Newton and Quasi-Newton Methods
Gradient descent feels the
slope and takes a cautious step downhill — but it is blind to curvature. It cannot tell a
gently rounded valley (where it should stride confidently to the bottom) from a sharply curved one
(where it should tiptoe). Newton's method opens a second eye: it uses the second
derivative — the curvature — to jump straight toward the minimum in one informed leap instead of many
timid ones.
The idea is elegant. Near any point, approximate f by its
second-order
Taylor polynomial — a parabola that matches the value, slope, and curvature
at x_k:
f(x) \approx f(x_k) + f'(x_k)(x - x_k) + \tfrac12 f''(x_k)(x - x_k)^2.
A parabola has an obvious minimum — its vertex — so instead of inching, jump straight to the
vertex. Minimizing the right-hand side gives the Newton update:
x_{k+1} = x_k - \frac{f'(x_k)}{f''(x_k)}.
In several variables the second derivative becomes the Hessian matrix
\nabla^2 f, and dividing becomes multiplying by its inverse:
\mathbf{x}_{k+1} = \mathbf{x}_k - \bigl[\nabla^2 f(\mathbf{x}_k)\bigr]^{-1} \nabla f(\mathbf{x}_k).
Fit a parabola, jump to its vertex
Newton's method is best seen. Below is a convex curve
f(x) = 0.1x^4 + 0.5x^2. At each step it fits the matching parabola (the
second-order Taylor approximation) at the current point, then leaps to that parabola's lowest point.
Step through the iterations: the leaps home in on the minimum with startling speed — each step roughly
squares the error, so the number of correct digits doubles every iteration.
One step on a quadratic — exactly
The clearest demonstration of Newton's power: on a quadratic, it lands on the exact minimum in
a single step, from anywhere. Take f(x) = (x - 3)^2, so
f'(x) = 2(x - 3) and f''(x) = 2. Start at
x_0 = 10:
x_1 = 10 - \frac{2(10 - 3)}{2} = 10 - 7 = 3.
Done — the minimum, in one leap, because the parabola Newton fits is the function: its vertex
is the true minimum. Gradient descent, by contrast, would have crept toward
x = 3 over many steps. This is the deep reason Newton is fast near an
optimum: any smooth function looks quadratic there, so the local parabola is nearly exact and each step
is nearly perfect.
Close enough to a minimum where f'' > 0 (or the Hessian is positive
definite), Newton's method converges quadratically: the error
e_{k+1} is proportional to e_k^{\,2}, so the
number of accurate digits roughly doubles each step. On a quadratic it converges in one
step.
Quasi-Newton: the curvature you can afford
Newton's speed has a price: every step needs the full Hessian — n^2 second
derivatives — and the solution of a linear system to invert it. For a model with a million parameters
that is a million-by-million matrix per step: utterly impractical. Quasi-Newton
methods are the ingenious compromise. They never compute the Hessian; instead they build up an
approximation to it (or directly to its inverse) from the gradients they were going to compute
anyway, watching how the gradient changes from step to step to infer the curvature.

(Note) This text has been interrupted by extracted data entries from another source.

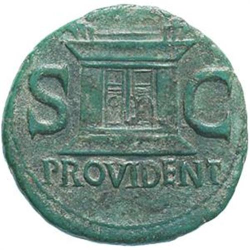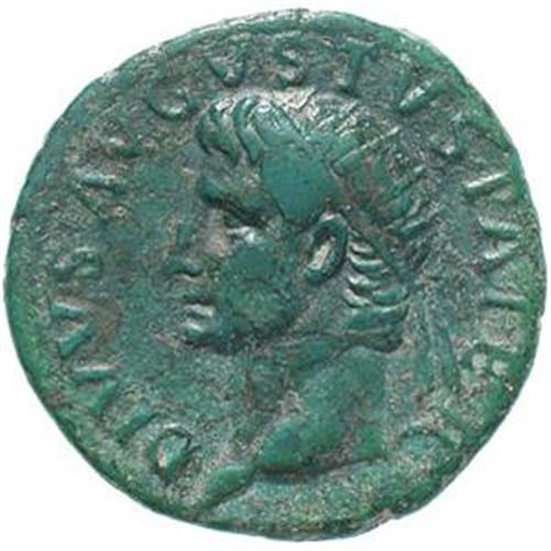 Roman Empire Coins. Augustus (27 a.C. - 14 d.C.). Asse, emesso da Tiberio. D/ DIVVS AVGVSTVS PATER. Testa radiata a sinistra. R/ PROVIDENT SC. Altare monumentale. RIC (Tib.) 81. gr. 10.81 AE. Bel BB+/qSPL. Superba patina verde smeraldo.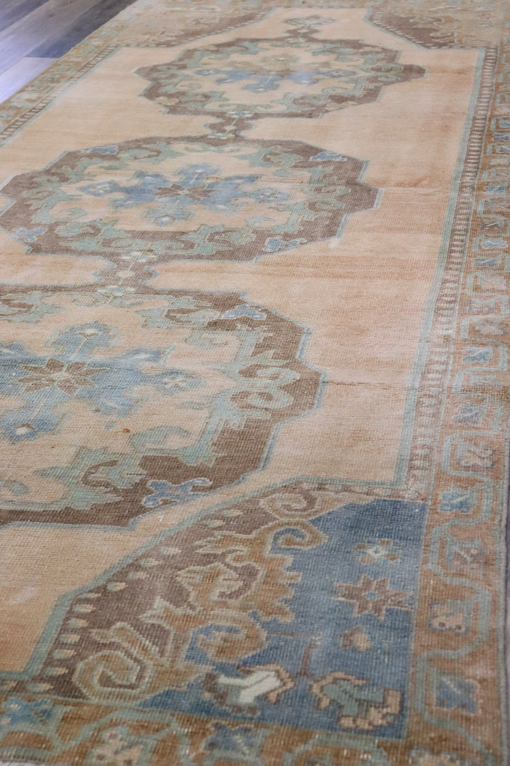Change things up — transform your space with our amazing Vintage Anadolu Handwoven Tribal Rug (J67256). This vintage 4' 7" X 12' 3" rug is in the tribal Vintage Turkish Village style and features a stunning Anadolu design that you’ll absolutely love. This rug is primarily orange on peach with seafoam accents. You’ll also appreciate the wool pile on a cotton foundation, which feels great underfoot! As with other handwoven Turkish rugs dating to around 1940, this one’s made to last. You’ll be enjoying the elements of interest and sophistication it adds to your home for years. Don’t delay — refresh your room today with your own Vintage Anadolu Handwoven Tribal Rug.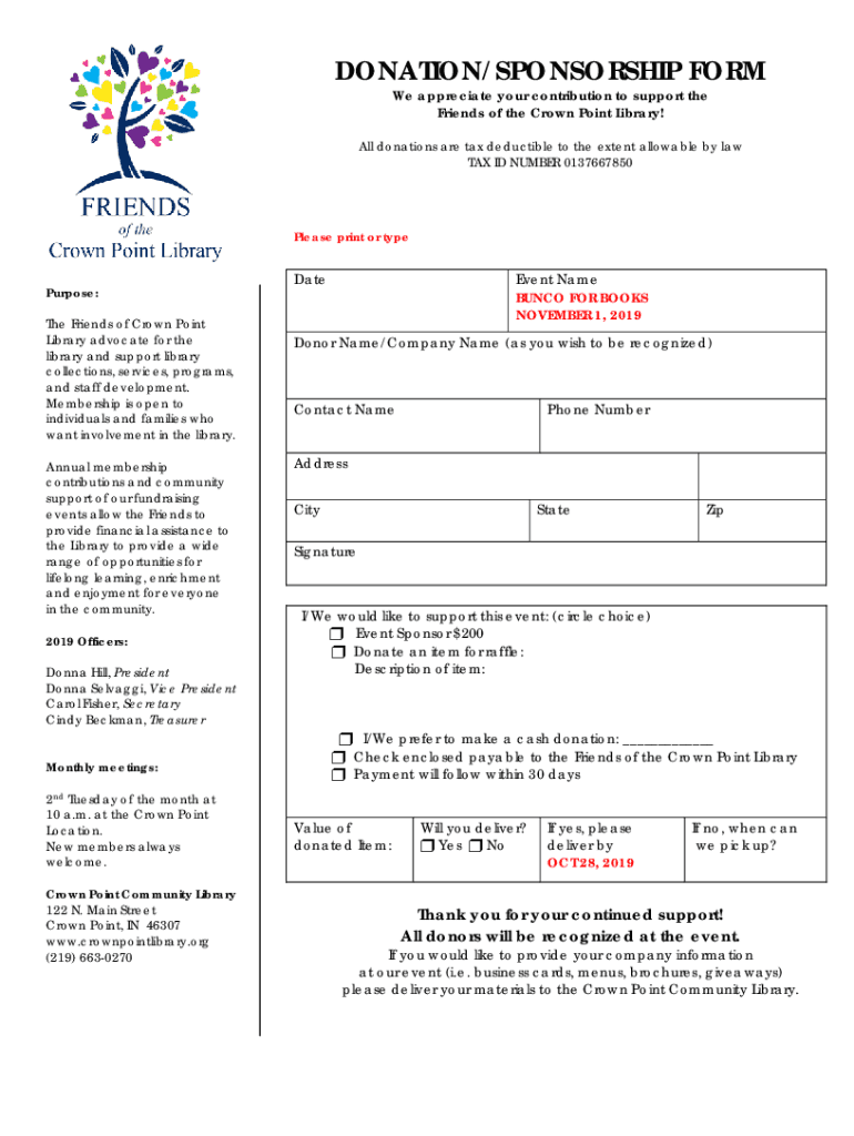Friends of the Crown Point Library! All donations are tax-deductible to the extent allowable by law
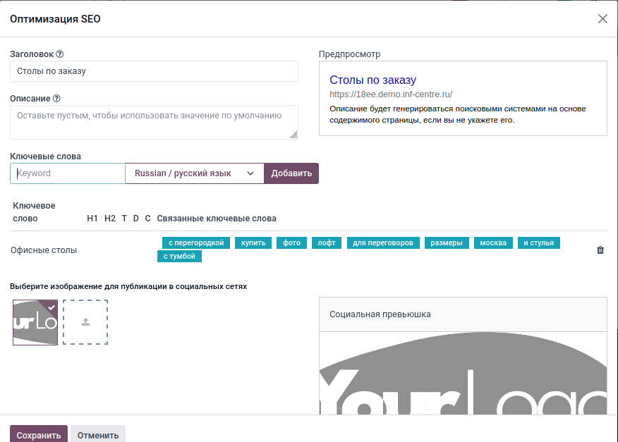 Модуль «Вебсайт» -> Сайт -> Оптимизация SEO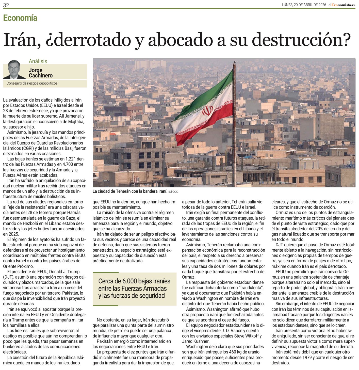 Irán ha dejado de ser un peligro efectivo para sus vecinos y carece de una capacidad real de defensa, dado que sus sistemas fueron penetrados, su espacio estratégico está expuesto y su capacidad de disuasión está prácticamente neutralizada.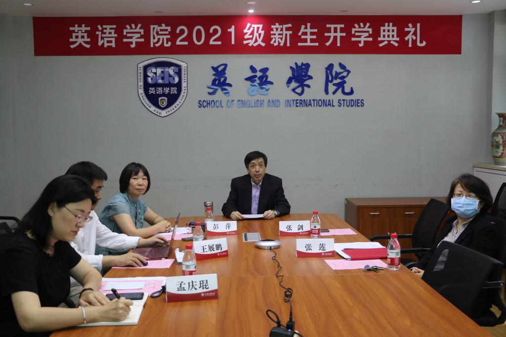 2018级本科生林雅欣作为老生代表与同学们分享了她在公司收获的“多维、多元、多可能”的学习感悟;2021级本科生闫思晗以“趣味”和“敬意”为引,代表本科生新生表达了对大学新生活的期盼与向往;2021级MTI笔译专业硕士生陈钇均代表研究生新生提出了“学好外国语,做好中国人,讲好中国故事”的坚定信念。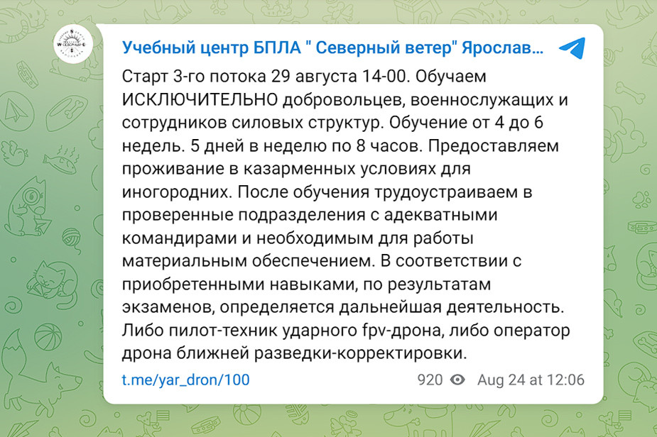 Скриншот из телеграм-канала курсов управления беспилотниками «Северный ветер»

The celebrated BFGS method (and its low-memory cousin L-BFGS, the default workhorse
for large smooth problems) does exactly this. It keeps most of Newton's fast convergence — a
superlinear rate, between gradient descent's linear crawl and Newton's quadratic sprint —
at a fraction of the cost, using only first derivatives. It is the sweet spot: curvature-aware, but
Hessian-free.
BFGS is named for Broyden, Fletcher, Goldfarb and Shanno — four mathematicians who,
astonishingly, discovered essentially the same update rule independently and published it all
in 1970, in four separate papers. Rather than fight over priority, the community simply
stapled all four surnames together. It is one of mathematics' friendlier acronyms and a nice case of an
idea whose time had so clearly come that four people reached for it at once. Its memory-thrifty
descendant, L-BFGS, still quietly powers a huge share of the world's numerical optimization today.
-
Newton solves f' = 0 — any stationary point. The update
is happy to converge to a maximum or a saddle, not just a minimum. It only reliably
seeks a minimum when the curvature is right: f'' > 0 in 1-D, or a
positive-definite Hessian in several variables.
-
The Hessian must be invertible. If f''(x_k) = 0 (a flat
inflection) the step divides by zero and blows up; a singular Hessian does the same. Practical solvers
add a safeguard (a "trust region" or a damping term) to stay well-behaved.
-
Newton can diverge far from the optimum. The quadratic-convergence guarantee is
local. Started too far away, the fitted parabola can be a poor model and the step can
overshoot wildly. Real implementations combine Newton's direction with a line search (a controlled
step length) to stay safe globally.